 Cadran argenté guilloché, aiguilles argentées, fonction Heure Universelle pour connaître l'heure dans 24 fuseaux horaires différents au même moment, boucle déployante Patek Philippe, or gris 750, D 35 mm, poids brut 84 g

==

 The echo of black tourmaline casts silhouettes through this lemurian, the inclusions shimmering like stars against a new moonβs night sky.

---

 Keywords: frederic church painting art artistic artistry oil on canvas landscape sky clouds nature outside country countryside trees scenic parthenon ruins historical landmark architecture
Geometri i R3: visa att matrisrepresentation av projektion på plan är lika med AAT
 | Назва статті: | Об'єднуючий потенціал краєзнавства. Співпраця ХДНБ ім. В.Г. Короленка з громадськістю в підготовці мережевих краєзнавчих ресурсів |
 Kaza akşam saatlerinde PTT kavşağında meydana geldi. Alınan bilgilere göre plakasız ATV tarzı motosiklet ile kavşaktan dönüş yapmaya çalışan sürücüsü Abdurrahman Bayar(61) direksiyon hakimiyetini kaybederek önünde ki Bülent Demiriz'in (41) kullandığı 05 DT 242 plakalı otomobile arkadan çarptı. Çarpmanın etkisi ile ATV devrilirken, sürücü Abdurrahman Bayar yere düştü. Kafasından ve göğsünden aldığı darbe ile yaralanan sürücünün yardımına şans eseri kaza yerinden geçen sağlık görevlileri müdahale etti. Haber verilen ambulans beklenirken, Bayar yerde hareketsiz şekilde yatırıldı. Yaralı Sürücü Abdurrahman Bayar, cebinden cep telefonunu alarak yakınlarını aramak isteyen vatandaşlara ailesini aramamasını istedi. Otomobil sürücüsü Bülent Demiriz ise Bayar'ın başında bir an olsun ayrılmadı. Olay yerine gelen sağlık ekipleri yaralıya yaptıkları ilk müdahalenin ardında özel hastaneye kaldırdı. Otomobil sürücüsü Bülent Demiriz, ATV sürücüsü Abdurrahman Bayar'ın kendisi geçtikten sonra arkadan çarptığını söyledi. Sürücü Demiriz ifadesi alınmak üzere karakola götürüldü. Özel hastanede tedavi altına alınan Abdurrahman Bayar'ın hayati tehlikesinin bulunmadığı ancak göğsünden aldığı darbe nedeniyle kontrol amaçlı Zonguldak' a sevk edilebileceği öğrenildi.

■ Directions ■
Look back at the entries above. Retype the line with "Keywords: frederic church", the line with "Kaza akşam saatlerinde", and all lines in between.

■ Response below ■
 Keywords: frederic church painting art artistic artistry oil on canvas landscape sky clouds nature outside country countryside trees scenic parthenon ruins historical landmark architecture
Geometri i R3: visa att matrisrepresentation av projektion på plan är lika med AAT
 | Назва статті: | Об'єднуючий потенціал краєзнавства. Співпраця ХДНБ ім. В.Г. Короленка з громадськістю в підготовці мережевих краєзнавчих ресурсів |
 Kaza akşam saatlerinde PTT kavşağında meydana geldi. Alınan bilgilere göre plakasız ATV tarzı motosiklet ile kavşaktan dönüş yapmaya çalışan sürücüsü Abdurrahman Bayar(61) direksiyon hakimiyetini kaybederek önünde ki Bülent Demiriz'in (41) kullandığı 05 DT 242 plakalı otomobile arkadan çarptı. Çarpmanın etkisi ile ATV devrilirken, sürücü Abdurrahman Bayar yere düştü. Kafasından ve göğsünden aldığı darbe ile yaralanan sürücünün yardımına şans eseri kaza yerinden geçen sağlık görevlileri müdahale etti. Haber verilen ambulans beklenirken, Bayar yerde hareketsiz şekilde yatırıldı. Yaralı Sürücü Abdurrahman Bayar, cebinden cep telefonunu alarak yakınlarını aramak isteyen vatandaşlara ailesini aramamasını istedi. Otomobil sürücüsü Bülent Demiriz ise Bayar'ın başında bir an olsun ayrılmadı. Olay yerine gelen sağlık ekipleri yaralıya yaptıkları ilk müdahalenin ardında özel hastaneye kaldırdı. Otomobil sürücüsü Bülent Demiriz, ATV sürücüsü Abdurrahman Bayar'ın kendisi geçtikten sonra arkadan çarptığını söyledi. Sürücü Demiriz ifadesi alınmak üzere karakola götürüldü. Özel hastanede tedavi altına alınan Abdurrahman Bayar'ın hayati tehlikesinin bulunmadığı ancak göğsünden aldığı darbe nedeniyle kontrol amaçlı Zonguldak' a sevk edilebileceği öğrenildi.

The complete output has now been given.